═══ EXTRACTED DATA ═══
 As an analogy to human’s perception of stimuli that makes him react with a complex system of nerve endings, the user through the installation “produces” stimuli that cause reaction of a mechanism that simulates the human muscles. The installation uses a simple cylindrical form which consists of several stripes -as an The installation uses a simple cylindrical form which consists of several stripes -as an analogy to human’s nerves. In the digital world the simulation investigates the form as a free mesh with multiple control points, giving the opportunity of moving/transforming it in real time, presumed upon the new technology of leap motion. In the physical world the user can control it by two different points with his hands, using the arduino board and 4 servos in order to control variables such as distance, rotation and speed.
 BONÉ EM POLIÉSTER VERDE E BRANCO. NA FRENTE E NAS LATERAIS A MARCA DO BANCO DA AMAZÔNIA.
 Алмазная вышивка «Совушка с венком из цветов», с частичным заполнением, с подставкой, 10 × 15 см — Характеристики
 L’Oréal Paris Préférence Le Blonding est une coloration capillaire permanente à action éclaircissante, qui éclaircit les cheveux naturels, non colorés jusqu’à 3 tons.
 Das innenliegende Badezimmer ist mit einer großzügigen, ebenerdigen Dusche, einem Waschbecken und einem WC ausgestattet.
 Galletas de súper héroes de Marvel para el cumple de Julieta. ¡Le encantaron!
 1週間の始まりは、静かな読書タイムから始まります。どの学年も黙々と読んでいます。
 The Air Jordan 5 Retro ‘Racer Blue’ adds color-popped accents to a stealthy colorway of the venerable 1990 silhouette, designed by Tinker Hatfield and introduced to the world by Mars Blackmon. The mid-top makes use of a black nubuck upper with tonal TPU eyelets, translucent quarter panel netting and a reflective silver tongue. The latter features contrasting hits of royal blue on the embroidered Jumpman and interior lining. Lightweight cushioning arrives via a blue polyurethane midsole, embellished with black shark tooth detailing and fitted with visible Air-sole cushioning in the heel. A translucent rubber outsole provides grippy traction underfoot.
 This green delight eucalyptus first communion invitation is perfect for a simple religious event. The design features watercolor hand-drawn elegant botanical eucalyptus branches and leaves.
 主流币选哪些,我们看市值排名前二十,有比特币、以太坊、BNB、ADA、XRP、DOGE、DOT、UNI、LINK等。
═══
▶ _PROBLEM DESCRIPTION_:
Copy out every line from the data above in which the word "features" occurs.

▶ _RESULT OF THIS EXERCISE_:
 The Air Jordan 5 Retro ‘Racer Blue’ adds color-popped accents to a stealthy colorway of the venerable 1990 silhouette, designed by Tinker Hatfield and introduced to the world by Mars Blackmon. The mid-top makes use of a black nubuck upper with tonal TPU eyelets, translucent quarter panel netting and a reflective silver tongue. The latter features contrasting hits of royal blue on the embroidered Jumpman and interior lining. Lightweight cushioning arrives via a blue polyurethane midsole, embellished with black shark tooth detailing and fitted with visible Air-sole cushioning in the heel. A translucent rubber outsole provides grippy traction underfoot.
 This green delight eucalyptus first communion invitation is perfect for a simple religious event. The design features watercolor hand-drawn elegant botanical eucalyptus branches and leaves.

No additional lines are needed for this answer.